Village at River’s Edge is a complex in north Columbia of about 60 units for low- to moderate-income families, built with $10 million in federal money and run by the Columbia Housing Authority.
The final scheme that remains part of the case is a diaper-making plant relocated from the Atlanta area to Mullins in Marion County. Though it hasn’t produced as many jobs as defendants promised, prosecutors say Pinson, Robinson and some of those who pleaded guilty funneled tens of thousands of public dollars into their pockets.
The defense rested Thursday without putting up any witnesses, including Pinson or Robinson. That also meant Columbia Mayor Steve Benjamin and City Councilwoman Tameika Isaac Devine, who were on a witness list and named on some of the secretly recorded tapes, were not called to testify.
Prosecutors hammered the defendants Friday.
“There’s a ton of evidence,” Rowell said, citing more than 100 recordings used in court from some 15,000 intercepted conversations and reams of bank statements, deposits, withdrawals and money transfers.
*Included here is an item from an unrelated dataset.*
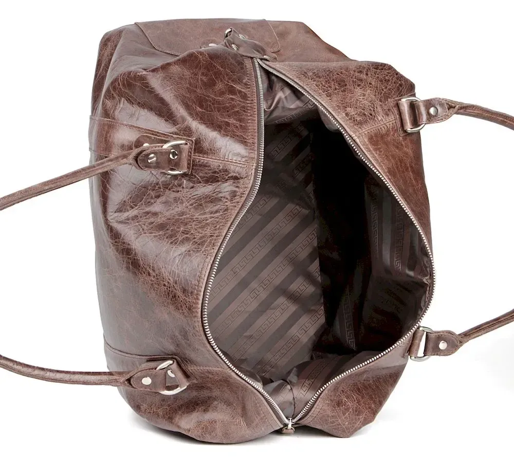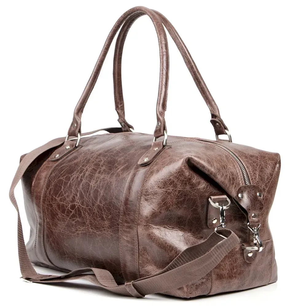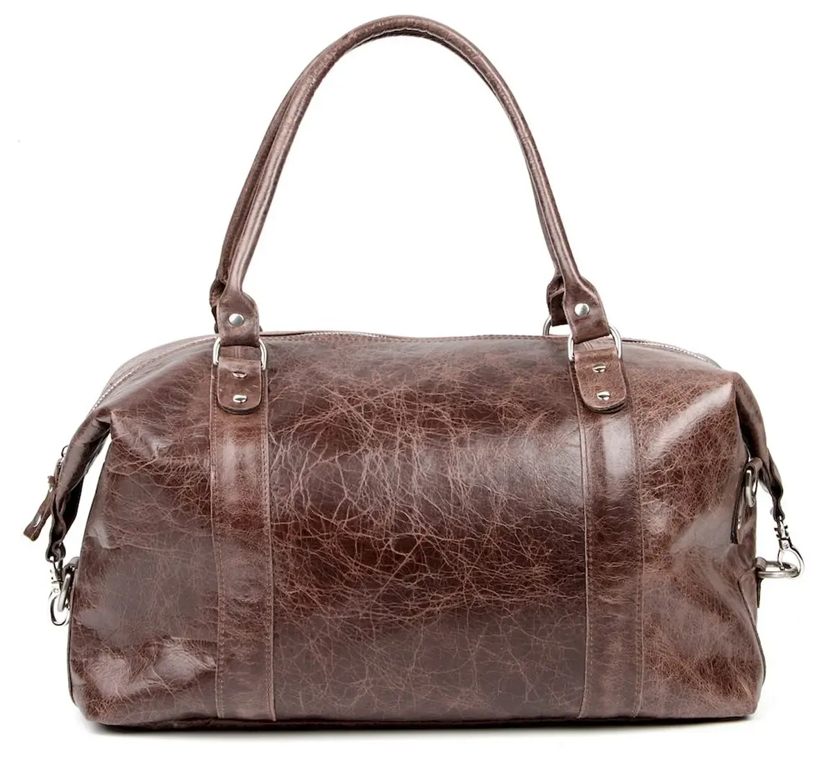 Отличная, вместительная спортивно-дорожная сумка. Аксессуар изготовлен из высококачественной натуральной кожи с винтажной фактурой. Цвет фурнитуры: серебро. Переносить такой аксессуар можно на плече (в комплекте съемный плечевой ремень), а также в руке при помощи 2-х удобных кожаных ручек.

He reminded the jury of statements that Pinson, Robinson and the others named in the case made about having “our little pact” to scheme and profit from anyone they could.
“They would backstab another business partner to enrich themselves,” Wicker said. “They needed money all the time.”
She mocked the defense attorneys’ contentions, often saying, “Are you kidding me?” and, “The calls don’t lie, ladies and gentlemen.”
Wicker replayed a Aug. 29, 2011, conversation between Pinson and Ed Givens of Columbia, the former chief counsel for S.C. State, who pleaded guilty. Pinson is heard saying about Columbia, “This is my (expletive) city.” And, “I’ll buy the next congressman.”
Wicker asked jurors to send a message to Pinson and Robinson.
“You don’t own Columbia. It’s not OK to talk about buying congressmen. It’s not OK to use your political connections to gain an unfair advantage. You can’t use your influence with politicians to line your pocket. You can’t trade your position as chairman of the board for kickbacks.”